If you are made redundant, do not wait until the end of your notice period (if you are required to do so) to plan your next steps. During your notice period, you are entitled to adequate time off to look for a new job and to attend interviews. Your employer should be aware of this, but if not, it is important that you emphasize your rights as an employee.

Remember that your employer has a duty to offer you suitable alternative employment if vacancies are available. This is an ongoing requirement and should therefore be checked regularly during your notice period as well as throughout the consultation.

If you manage to secure a new job during your notice period, you have the opportunity to speak to your employer at any time and check whether he agrees to waive the remaining notice period so that you can start this new position early if this is something you would like to do.

However, if your employer does not agree, you are contractually obliged to work for the full duration of your notice period.

You don’t have to suffer in silence when struggling with your mental health. Here are a few groups you can contact if you need help:

Samaritans: Phone 116 123, 24 hours a day, or email [email protected], in confidence

Children’s telephone: Telephone 0800 1111. Calls are free and do not appear on your bill

PAPYRUS: A voluntary organization that supports suicidal adolescents and young adults.
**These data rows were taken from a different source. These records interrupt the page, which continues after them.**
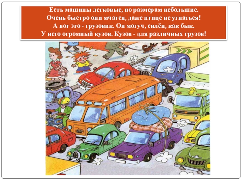 Слайд 4Есть машины легковые, по размерам небольшие.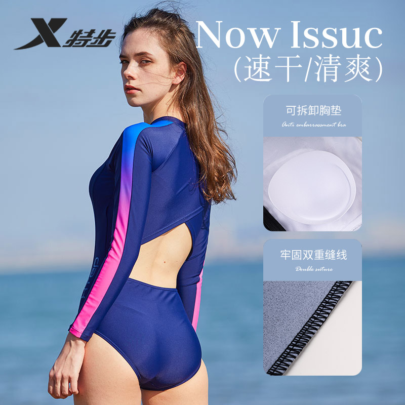 鸿星尔克泳衣女新款 连体保守平角遮肚显瘦初中生专业运动游泳馆装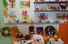 Осень в нашей школе не прошла незаметно. Была подготовлена и оформлена выставка детских работ «Палитра красок». Такие выставки стали традицией и проводятся ежегодно. Участниками были представлены работы, выполненные из различных материалов в различных техниках. Сколько творчества, выдумки, фантазии было в каждой работе! Поделки получились очень оригинальные и разнообразные. Учащиеся с интересом рассматривали экспонаты выставки и с гордостью рассказывали о своей поделке. Огромное спасибо родителям, которые вместе с детьми занимаются творческой деятельностью.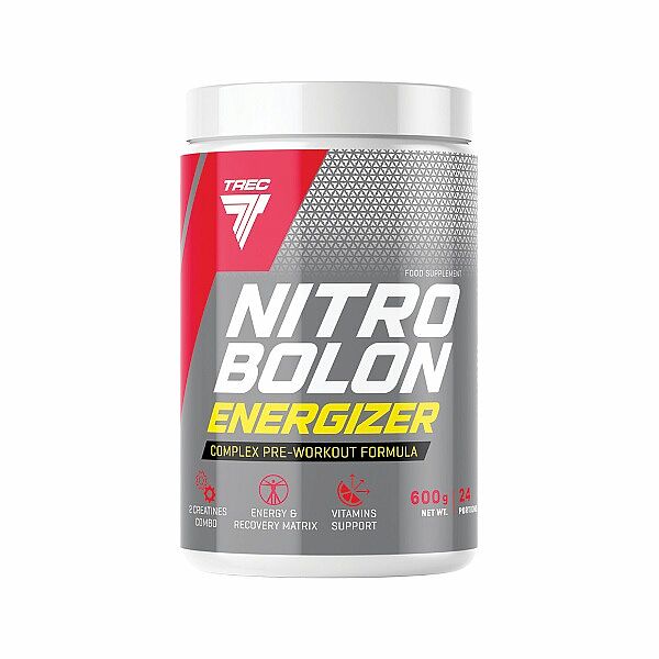 NITROBOLON ENERGIZER. Doplněk stravy. S cukry a sladidly. Obsahuje kofein. Nedoporučuje se pro děti nebo těhotné ženy (150 mg na denní dávku – 25 g). Tropická příchuť. Komplexní předtréninkový přípravek. NITROBOLON ENERGIZER je vícesložkový předtréninkový „stack“. Obsahuje kreatin, který zlepšuje účinnost při následné krátké velmi intenzivní fyzické aktivitě. Příznivý efekt nastává při konzumaci 3 g kreatinu denně. NITROBOLON ENERGIZER se doporučuje pro sportovce disciplín zahrnujících sílu, rychlost a také vytrvalost. Doporučená denní porce je 25 g (4 odměrky).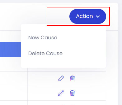 - In your Supported Causes Dashboard, click on the Action Button and select New Cause.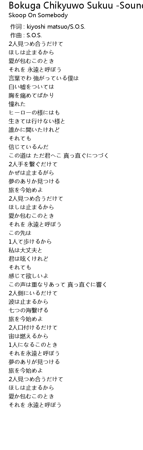| [00:00.000] | 作词 : kiyoshi matsuo/S.O.S. |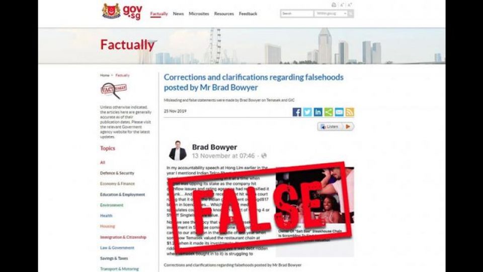 นายโบว์เยอร์ได้แก้ไขโพสต์ของตน หลังเว็บไซต์อย่างเป็นทางการของรัฐบาลในการตรวจสอบข้อเท็จจริงออกแถลงการณ์ระบุว่า ข้อความของโบว์เยอร์ในโพสต์ดังกล่าวที่อ้างว่า รัฐบาลสิงคโปร์มีอิทธิพลต่อการตัดสินใจของกองทุนเทมาเส็กนั้น เป็นการใช้ข้อความเท็จและหลอกลวง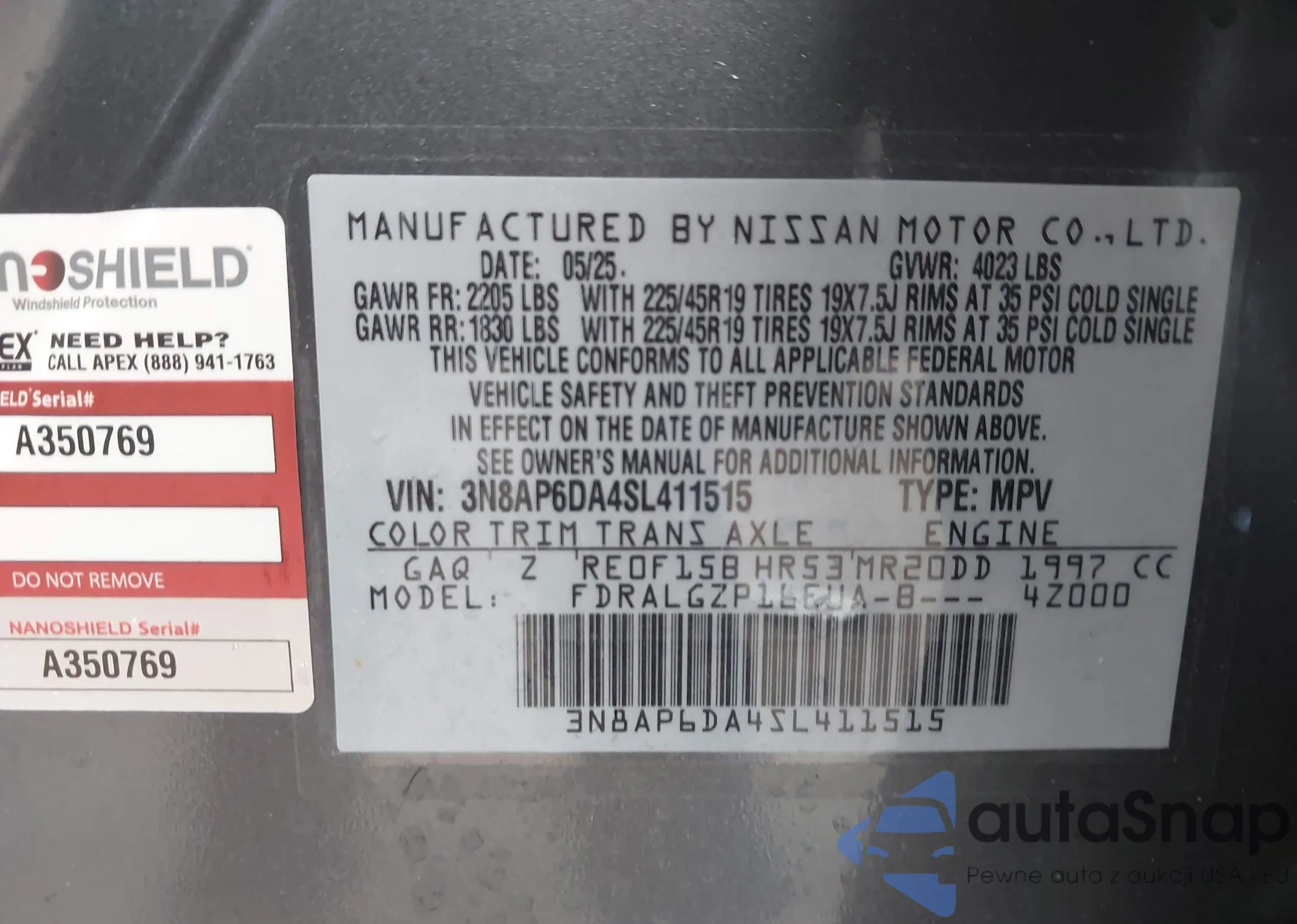 • VIN 3N8AP6DA4SL411515

Telephone 0800 068 4141

Depression Alliance: A charity for people with depression. Not a hotline, but has useful resources and links to other information on his website

Students Against Depression: A website for students who are depressed, in a bad mood, or at risk of suicide. click here to visit

Bullying UK: A website for bullying children and adults. click here

Campaign Against Living Miserably (CALM): For young men who feel unhappy. Has a website here and a hotline: 0800 58 58 58

5 – If necessary, seek professional help

If you feel you have been treated unfairly during a dismissal process, you should consider speaking to a legal professional who can clarify the situation with you.

Such treatment could be because you were wrongly selected for discharge, the discharge process itself was not conducted fairly, or you do not have the right to appeal the decision to discharge you.

There are a number of free services that you can turn to and people are available to give you the assistance you need.